Problem Interface (i_problem)¶
- class pypint.problems.i_problem.IProblem(*args, **kwargs)[source]¶
Bases: builtins.object
Basic interface for all problems of type \(u'(t,\phi(t))=F(t,\phi(t))\)
- __init__(*args, **kwargs)[source]¶
Parameters: - rhs_function_wrt_time (callable) – Function describing the right hand side of the problem equation. Two arguments are required, the first being the time point \(t\) and the second the time-dependent value \(\phi(t)\).
- time_start (float) – Start of the time interval to integrate over.
- time_end (float) – End of the time interval to integrate over.
- dim (tuple) – Number of spacial dimensions, i.e. number of degrees of freedom including shape of spacial points. The first elements denote the number of spacial dimensions (default=``1``) and the last the number of degrees of freedom (variables) at each spacial point. Defaults to (1, 1).
- strings (dict) –
(optional) String representation of problem for logging output.
- rhs_wrt_time : str
- string representation of the right hand side w.r.t. time
Examples
>>> # default Problem >>> prob = IProblem() >>> prob.dim (1, 1) >>> # Problem with two spacial dimensions and one variable at each point >>> prob = IProblem(dim=(2, 3, 1)) >>> prob.dim (2, 3, 1) >>> prob.spacial_dim (2, 3) >>> prob.num_spacial_points 6 >>> prob.dofs_per_point 1
- evaluate_wrt_time(time, phi_of_time, **kwargs)[source]¶
Evaluates given right hand side at given time and with given time-dependent value.
Parameters: - time (float) – Time point \(t\)
- phi_of_time (numpy.ndarray) – Time-dependent data.
- partial (str or None) – (optional) Specifying whether only a certain part of the problem function should be evaluated. E.g. useful for semi-implicit SDC where the imaginary part of the function is explicitly evaluated and the real part of the function implicitly. Usually it is one of None, impl or expl.
Returns: rhs_value
Return type: numpy.ndarray
Raises: ValueError – if time or phi_of_time are not of correct type.
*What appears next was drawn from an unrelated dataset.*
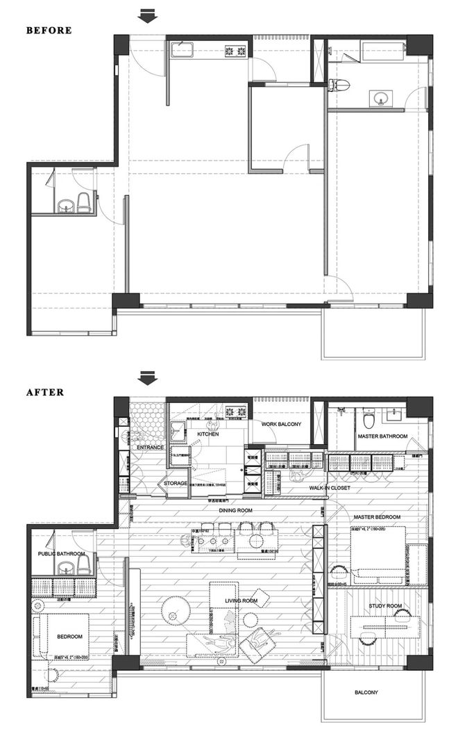 同时巧妙将原本的管道间柱子围塑成设计元素
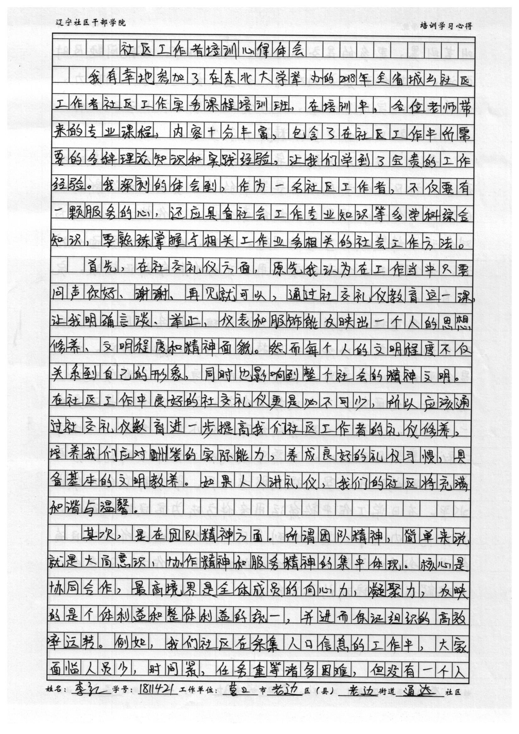 营口市老边区老边街道办事处通达社区西街支部书记李红学习心得

- implicit_solve(next_x, func, method='hybr', **kwargs)[source]¶
A solver for implicit equations.
Finds the implicitly defined \(x_{i+1}\) for the given right hand side function \(f(x_{i+1})\), such that \(x_{i+1}=f(x_{i+1})\).
Parameters: - next_x (numpy.ndarray) – A starting guess for the implicitly defined value.
- rhs_call (callable) – The right hand side function depending on the implicitly defined new value.
- method (str) – (optional, default=``hybr``) Method fo the root finding algorithm. See scipy.optimize.root <http://docs.scipy.org/doc/scipy/reference/generated/scipy.optimize.root.html#scipy.optimize.root> for details.
Returns: next_x – The calculated new value.
Return type: numpy.ndarray
Raises: - ValueError –
- if next_x is not a numpy.ndarray of shape IProblem.dim
- if fun is not callable
- if computed solution is not a :py:class:`numpy.ndarray
- UserWarning – If the implicit solver did not converged, i.e. the solution object’s success is not True.
- __weakref__¶
list of weak references to the object (if defined)
- dim[source]¶
Read-only accessor for the spacial degrees of freedom of the problem
Returns: dofs – First elements denotes shape of spacial points; the last element the number degrees of freedom (i.e. variables) at each spacial point. Return type: tuple
- dim_for_time_solver[source]¶
Dimension of array for Time Solvers
This shape is used for the arrays of time solvers, which do not need to know the spacial shape of the spacial points.
Returns: dim_for_time_solver – First element is the total number of spacial points (num_spacial_points) and the second element the number of variables per spacial point (dofs_per_point). Return type: tuple
- num_spacial_points[source]¶
Total number of spacial points
Returns: num_spacial_points – product of the elements of spacial_dim Return type: int
- numeric_type[source]¶
Accessor for the numerical type of the problem values.
Parameters: numeric_type (numpy.dtype) – Usually it is numpy.float64 or numpy.complex16 Returns: numeric_type Return type: numpy.dtype Raises: ValueError – If numeric_type is not a numpy.dtype.